Unfortunately, much psychological research seems to pay little heed to this aspect of the scientific method. Since the hypothesis of an experiment is only rarely published in advance, researchers can covertly alter their predictions after the data have been analyzed in the interests of narrative flair. In psychology this practice is referred to as Hypothesizing After Results are Known (HARKing), a term coined in 1998 by psychologist Norbert Kerr.32 HARKing is a form of academic deception in which the experimental hypothesis (H1) of a study is altered after analyzing the data in order to pretend that the authors predicted results that, in reality, were unexpected. By engaging in HARKing, authors are able to present results that seem neat and consistent with (at least some) existing research or their own previously published findings. This flexibility allows the research community to produce the kind of clean and confirmatory papers that psychology journals prefer while also maintaining the illusion that the research is hypothesis driven and thus consistent with the H-D method.

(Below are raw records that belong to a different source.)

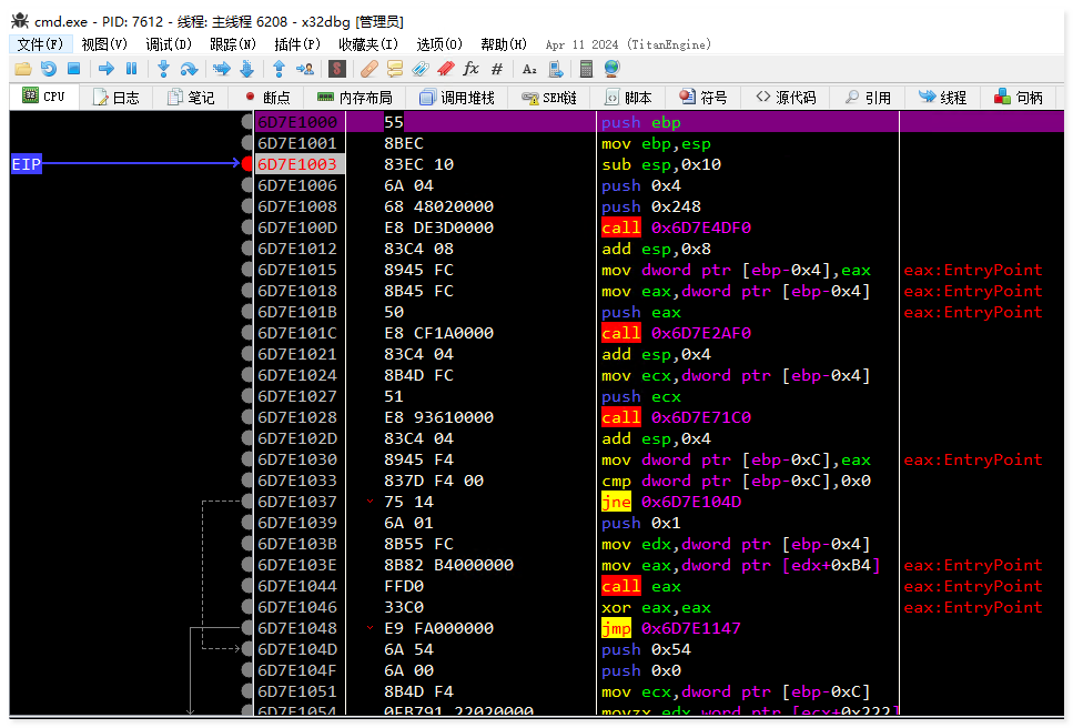 通过天堂之门调用 Ntdll!NtCreateThreadEx、Ntdll!NtWriteVirtualMemory 等 API,将下一阶段 shellcode 以远程线程注入到 "C:\Windows\SysWOW64\cmd.exe" 中——先是将完整的 pla.dll 写入 cmd 的内存空间中,随后再将解密的代码注入到 pla.dll 的 .text 段入口点,最后调用 Ntdll!NtResumeThread 恢复线程:
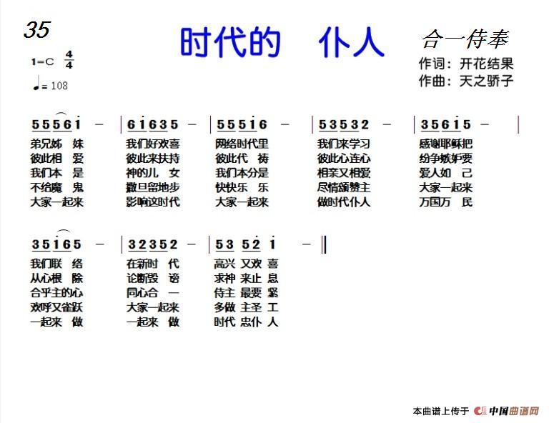 点击查看剩余 1 张曲谱《35 时代的仆人》文本歌词
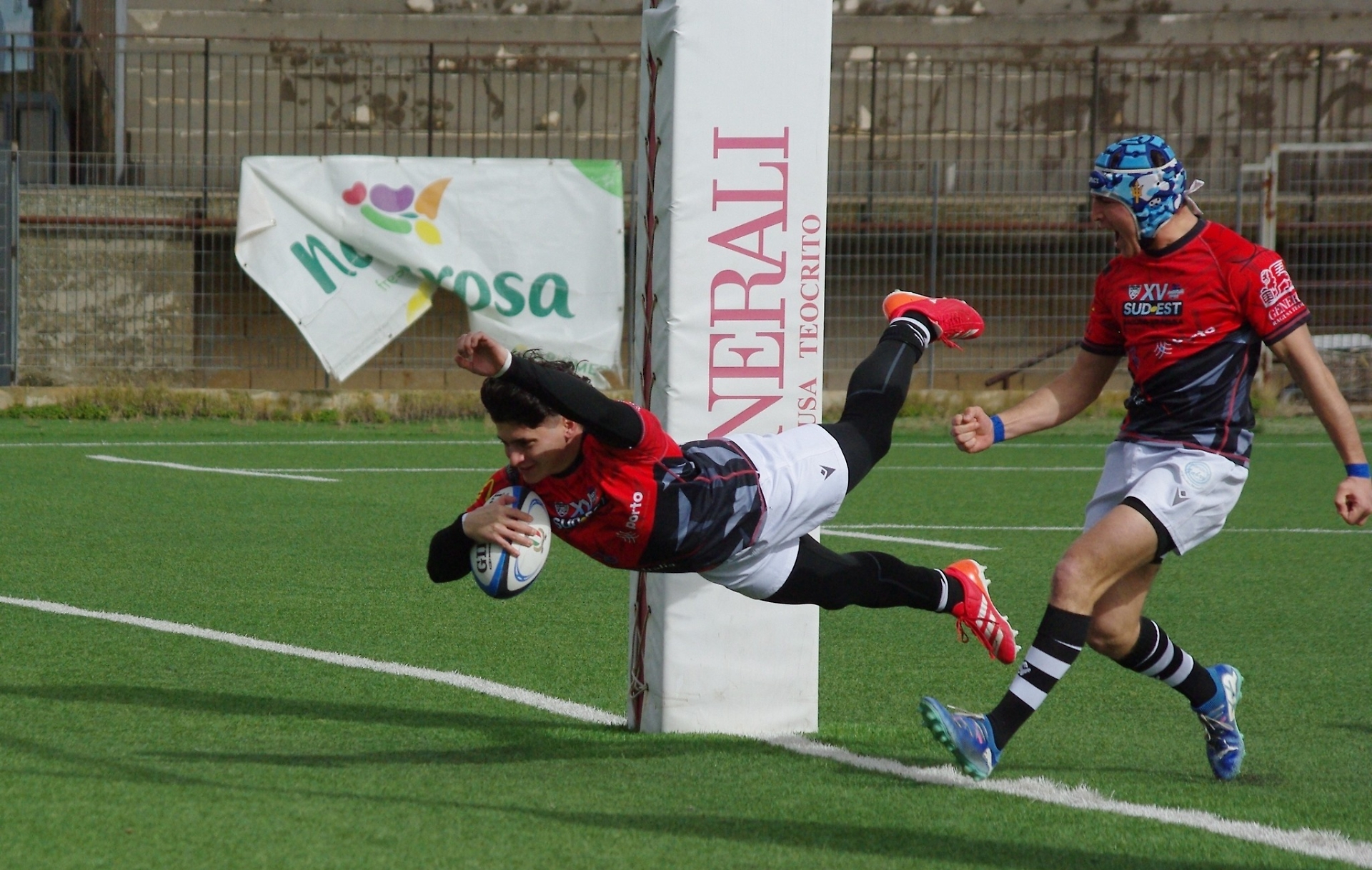 Luca Ponteprimo (Xv del Sud Este), in meta, tra i migliori in campo contro il Bari
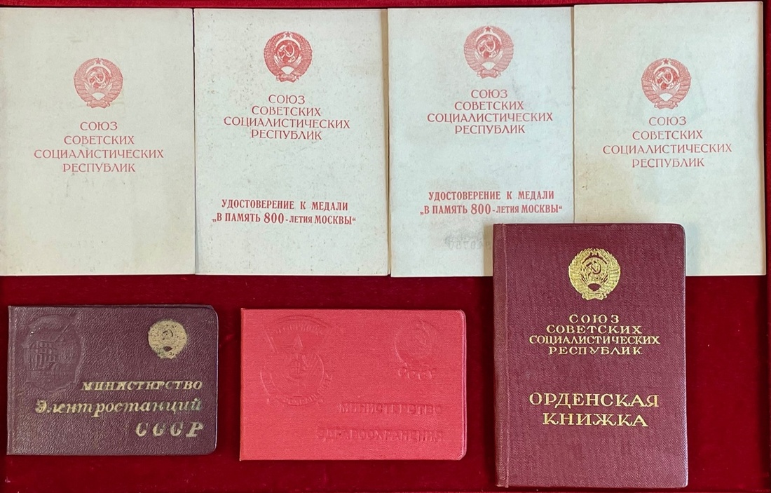Awarded to Evdokia Ivanovna Sokolova, (whose Order of Lenin was presented in 1951), each award is accompanied by its complete supporting document or booklet, the relevant parts filled-in in ink and ink-stamped where relevant, one booklet including a photograph of the recipient. All awards additionally contained in card cases of issue (including two small riband bars) with the Order of Lenin in its' original red card case and the recipient's name included on a torn paper slip.
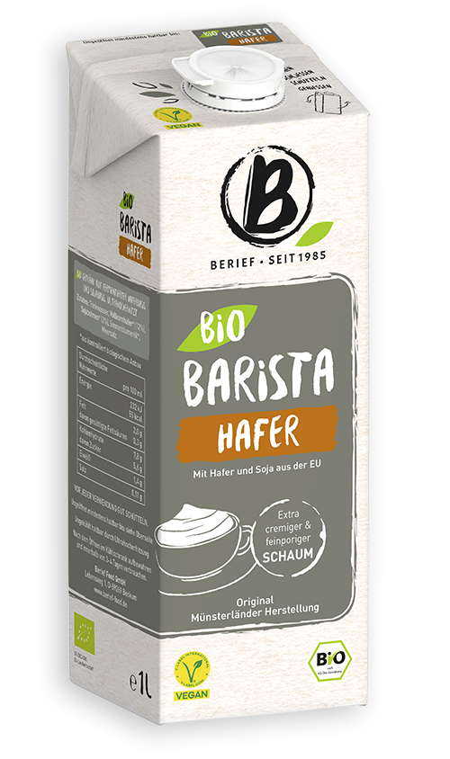ولكن هذا ليس كل شيء: نستخدم في مشروب الشوفان العضوي الخاص بالباريستا مكونات عضوية بالكامل، مثل حبوب الشوفان الكاملة المحلية. نحن نعشق المكونات الطبيعية، ولذلك لا نستخدم أي مواد حافظة. البروتين النباتي عالي الجودة المستخلص من فول الصويا يجعل من مشروب الشوفان العضوي باريستا طبيعيًا لرغوة قهوتكم الكريمية.
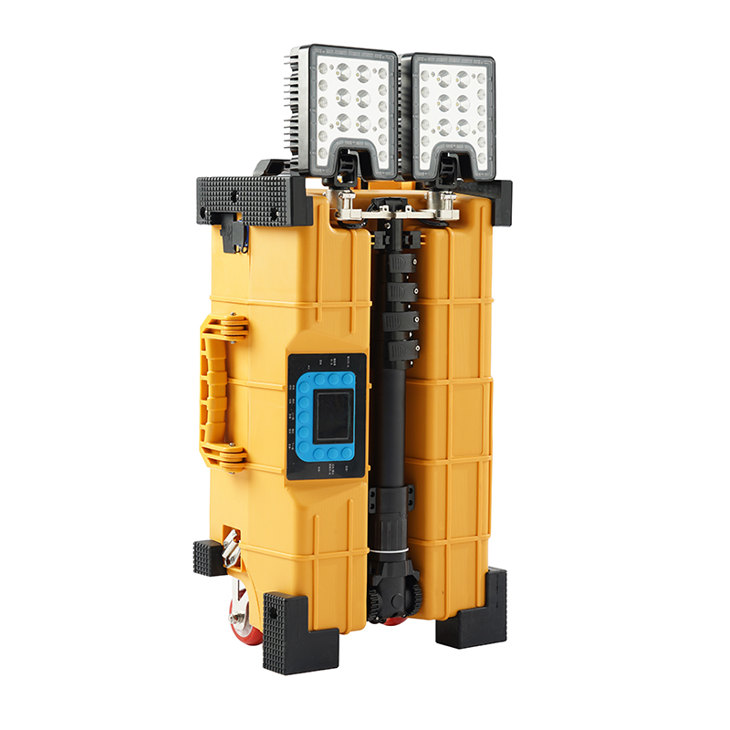 5. 灯具体积小、重量轻、一体化设计,可以实现拖行、手提、背行三种携带方式;灯头可折叠收起在灯具表面,不用拆卸灯头,省时省力;表面灯具底部安装了铁轨轮,便于用户在铁轨上拖行。
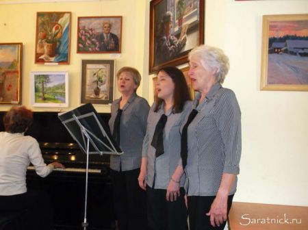 Поздравить художников клуба «Вернисаж» с открытием выставки пришли участники одного из творческих коллективов Дома работников искусств – ансамбля хоровой миниатюры «Музыка сердца». Они исполнили для участников и гостей выставки две песни, которые никого не оставили равнодушными.
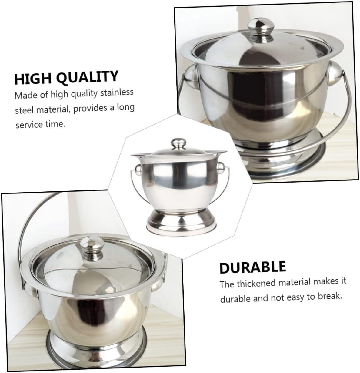 Package Include 1 x Storage holder Characteristics -Material: Stainless steel handheld spittoon -Size: About 25.00X20.00X19.00cm/9.82X7.86X7.47inch home spittoon -Color: Silver portable potty - , can be sterilized with very hot water stainless chamber pot. -With cover design, isolate peculiar smell, clean and household spittoon. - stainless steel material, thicker material, drop-resistant and durable piss pot. -Non-slip base, stable and not tipping, you can use it with confidence urinal pail pot. -Portable handle, labor-saving and easy to carry and easy to take spittoon.Goods Informationurinal pot If you are looking for a convenient and durable spittoon, then you can come to see this spittoon, made of , can ensure its durability and practicability.stainless steel spittoon Heavier than plastic and not easy to knock over.stainless chamber pot It is one of the choices for you.simple urinal bucket Suitable for multiple occasions.urinal pail pot Suitable for home, car, travel or outdoor use
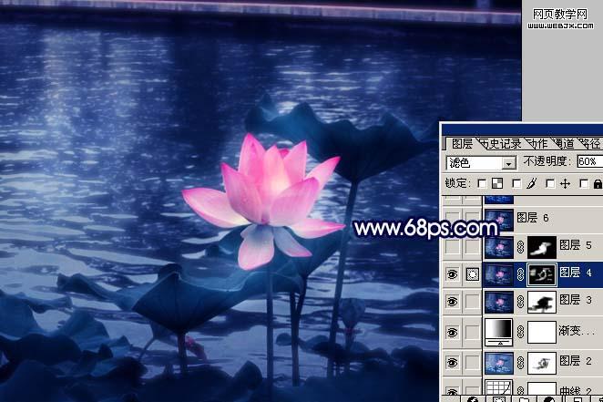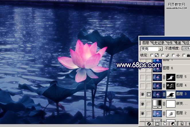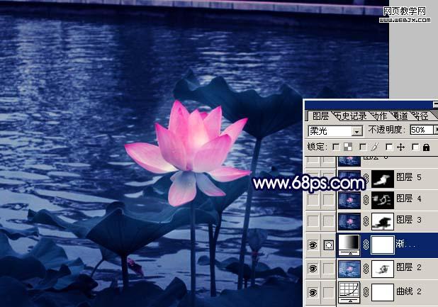 <圖12> 6、新建一個圖層,按ctrl + alt + shift + e 蓋印圖層,把圖層混合模式改為“正片疊底”,加上圖層蒙版,用黑色畫筆把荷花及部分荷葉擦出來,如圖13。
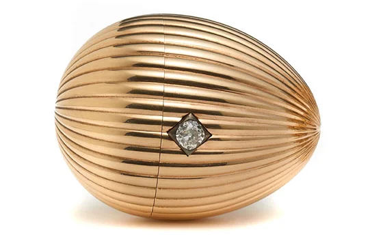 The 3.2-inch Faberge egg has three sapphires suspend golden garlands around it, and a diamond that acts as an opening mechanism.
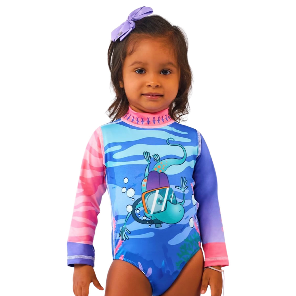 Traje de Baño Enterizo Niña con UPF 50+ Aquamandra Buceando Lila / Rosa – AQ501

HARKing can take many forms, but one simple approach involves reversing the predictions after inspecting the data. Suppose that a researcher formulates the hypothesis that, based on the associations we form across our lifetime between the color red and various behavioral acts of stopping (e.g., traffic lights; stop signs; hazard signs), people should become more cautious in a gambling task when the stimuli used are red rather than white. After running the experiment, however, the researcher finds the opposite result: people gambled more when exposed to red stimuli. According to the H-D method, the correct approach here would be to report that the hypothesis was unsupported, admitting that additional experiments may be required to understand how this unexpected result arose and its theoretical implications. However, the researcher realizes that this conclusion may be difficult to publish without conducting those additional experiments, and he or she also knows that nobody reviewing the paper would be aware that the original hypothesis was unsupported. So, to create a more compelling narrative, the researcher returns to the literature and searches for studies suggesting that being exposed to the color red can lead people to “see red,” losing control and becoming more impulsive. Armed with a small number of cherry-picked findings, the researcher ignores the original (better grounded) rationale and rewrites the hypothesis to predict that people will actually gamble more when exposed to red stimuli. In the final published paper, the introduction section is written with this post hoc hypothesis presented as a priori.